- [Data below]:
====
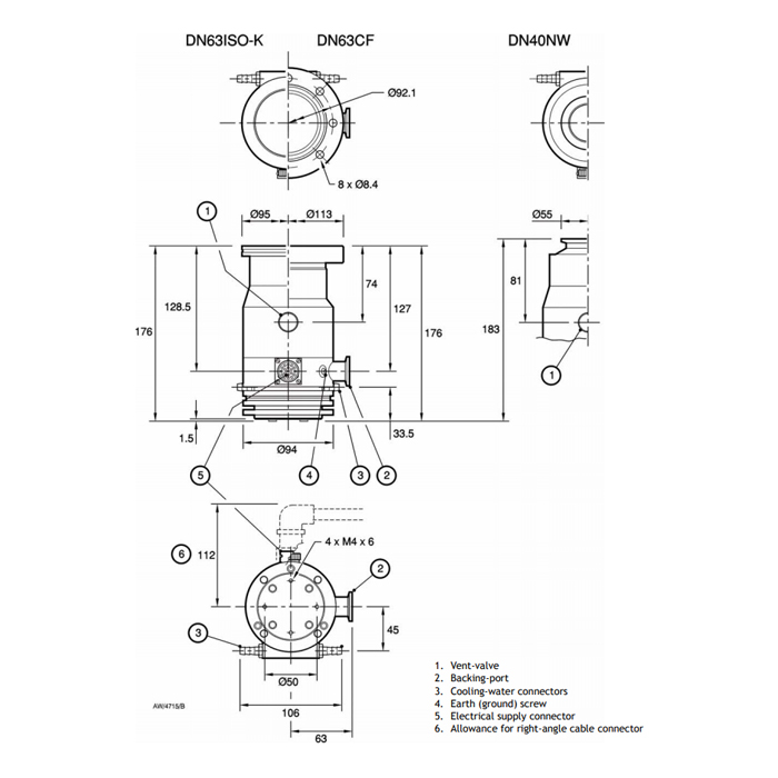The Edwards EXT70 pump has a vent-port that you can use to vent the pump and your vacuum system to atmospheric pressure. The vent-port introduces vent gas part way up the pump rotor; this ensures maximum cleanliness. The pump is supplied with a manual vent-valve fitted to the vent-port.
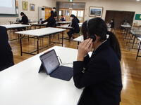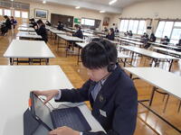 「聴く」「話す」「書く」 CBTテスト(英語)の予行練習 投稿日時 : 14:40 情報担当 令和7年度から、全国学力・学習状況調査がオンライン方式(CBTテスト)で実施されるようになりました。令和8年度は4月22日から3年生で実施する予定です。CBTテストの操作方法に慣れるため、市教委の千原指導主事にもご協力いただき、タブレット端末で英語の予行練習を行いました。今から意欲を高めていきます。
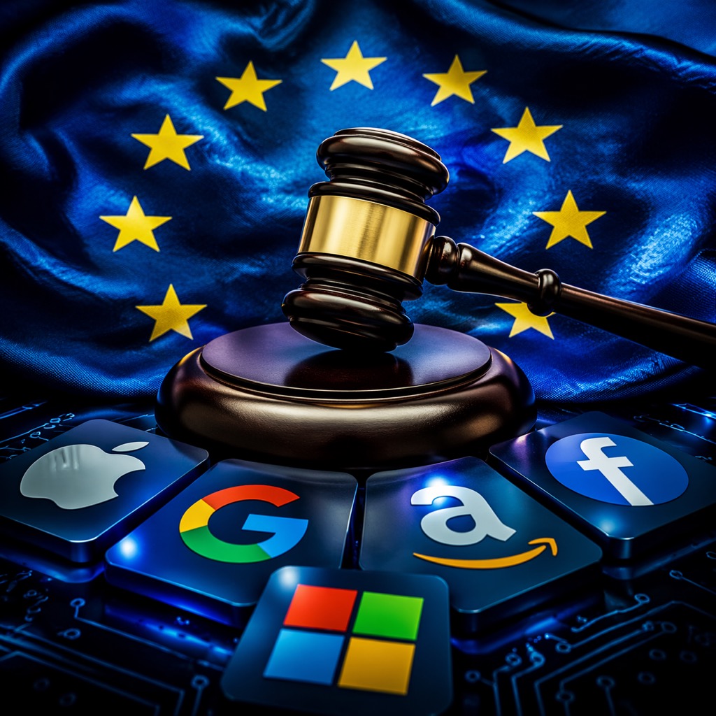 عبرت غرامات الاتحاد الأوروبي ضد Google و Apple و Meta لانتهاكات مكافحة الاحتكار والمنافسة حوالي 6 مليارات يورو (7 مليارات دولار) منذ بداية 2024. تم تغريم X بـ 120 مليون يورو في ديسمبر 2025 — أول غرامة بموجب Digital Services Act. أبريل 2025 قدم النتائج الرسمية الأولى لعدم الامتثال بـ DMA ضد Apple (steering App Store) و Meta (إعلان “ادفع أو اقبل”).
====
- [Work order]: Your copy must start at the line that holds "投稿日時 : 14:40" and end at the last line of the data, both included; it must contain no pictures.

- [Written solution]:
 「聴く」「話す」「書く」 CBTテスト(英語)の予行練習 投稿日時 : 14:40 情報担当 令和7年度から、全国学力・学習状況調査がオンライン方式(CBTテスト)で実施されるようになりました。令和8年度は4月22日から3年生で実施する予定です。CBTテストの操作方法に慣れるため、市教委の千原指導主事にもご協力いただき、タブレット端末で英語の予行練習を行いました。今から意欲を高めていきます。
 عبرت غرامات الاتحاد الأوروبي ضد Google و Apple و Meta لانتهاكات مكافحة الاحتكار والمنافسة حوالي 6 مليارات يورو (7 مليارات دولار) منذ بداية 2024. تم تغريم X بـ 120 مليون يورو في ديسمبر 2025 — أول غرامة بموجب Digital Services Act. أبريل 2025 قدم النتائج الرسمية الأولى لعدم الامتثال بـ DMA ضد Apple (steering App Store) و Meta (إعلان “ادفع أو اقبل”).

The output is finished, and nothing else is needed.